Все команды для удобства собраны в sh скрипт: run.sh
- Для обработки был взят файл chr15_trim.fastq, полученный в практикуме 13 после очистки с помощью trimmotanic. Были собраны все прошедшие очистку контиги без использования референса. Сначала с помощью комманды velveth были выделены k-меры.
Команда:
velveth chr15 31 -short -fastq chr15_trim.fastq
31 - это длина k-мера.
Затем надо провести сборку контигов.

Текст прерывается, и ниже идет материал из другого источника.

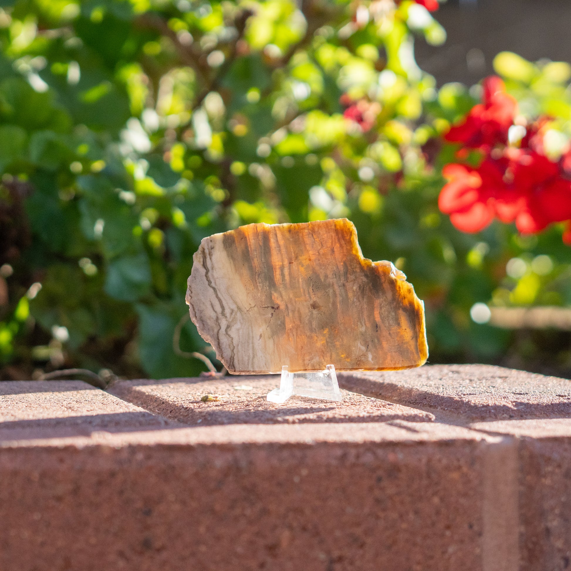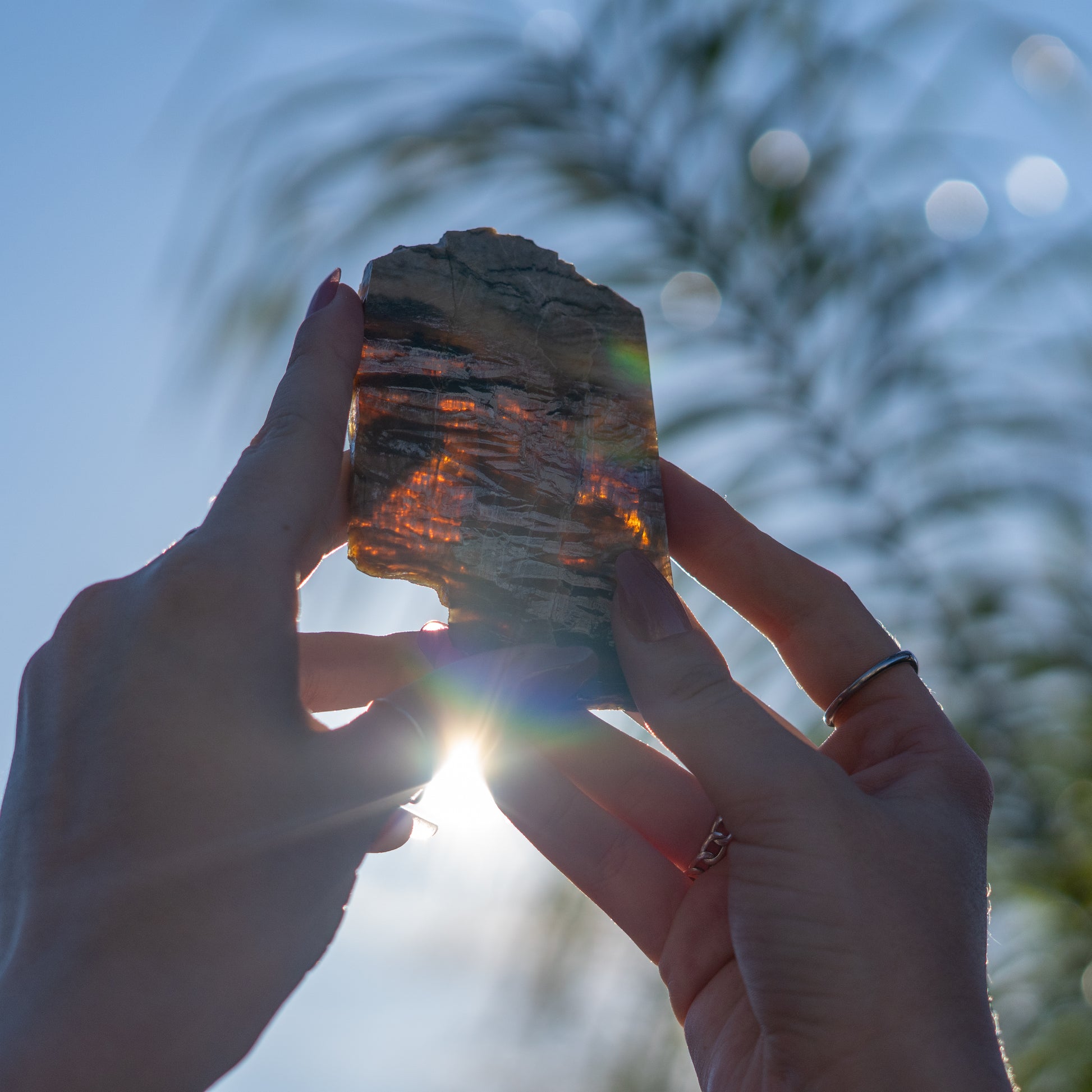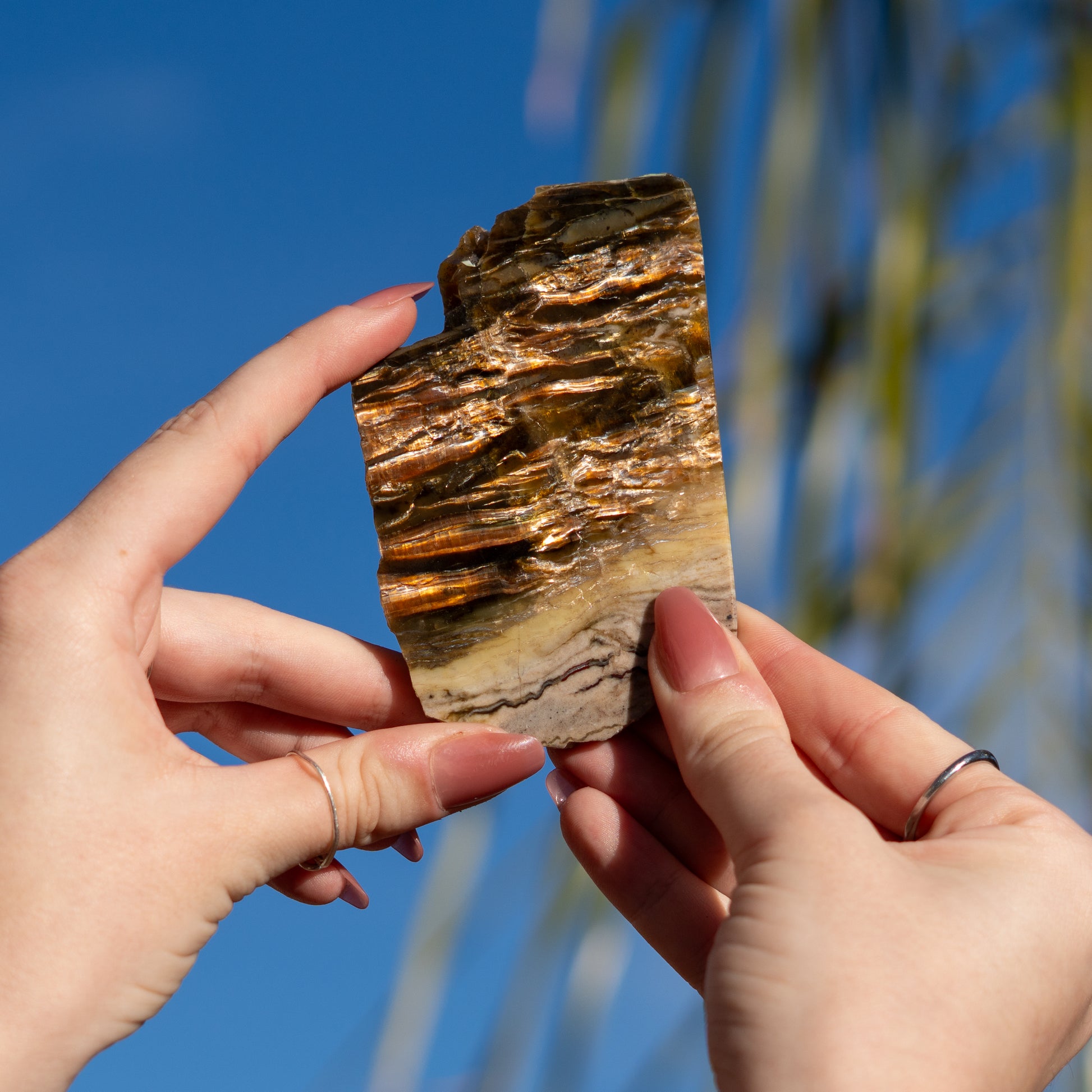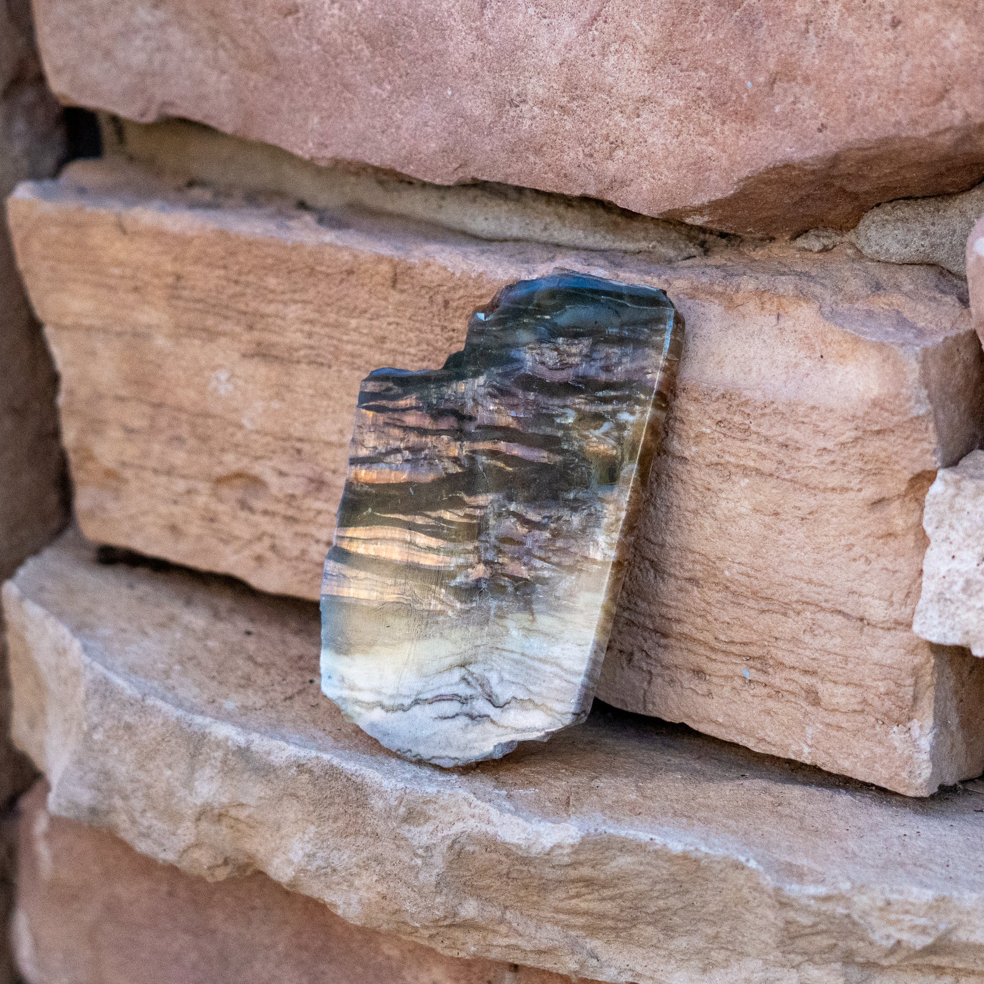 Formed within the ancient landscapes of Arizona, this rare American Pietersite slice carries the unmistakable energy of a gathering storm—both anchoring and electrifying at once. Known as the Tempest Stone, Pietersite is revered for its swirling, chatoyant patterns that seem alive with motion, reflecting its role as a catalyst for inner strength, decisive clarity, and fearless self-expression. This polished slice was selected for its dramatic storm-like bands of gold, brown, and red, exceptional chatoyancy, and potent energetic movement.

Сборка контигов происходит в директории chr15.
velvetg chr15 2>&1 | tee chr15/out.txt
(протокол был выведен в out.txt вместо stdout)
Набор контигов лежит в chr15/contigs.fa.
На k = 31:
Final graph has 297 nodes and n50 of 187, max 652, total 26275, using 0/4946 reads
На k = 25:
Final graph has 343 nodes and n50 of 200, max 658, total 28013, using 0/4946 reads
На k = 18:
Final graph has 436 nodes and n50 of 186, max 464, total 29854, using 0/4946 reads
Как можно наблюдать, количесво N50, так и максимальная длина значительно изменяется.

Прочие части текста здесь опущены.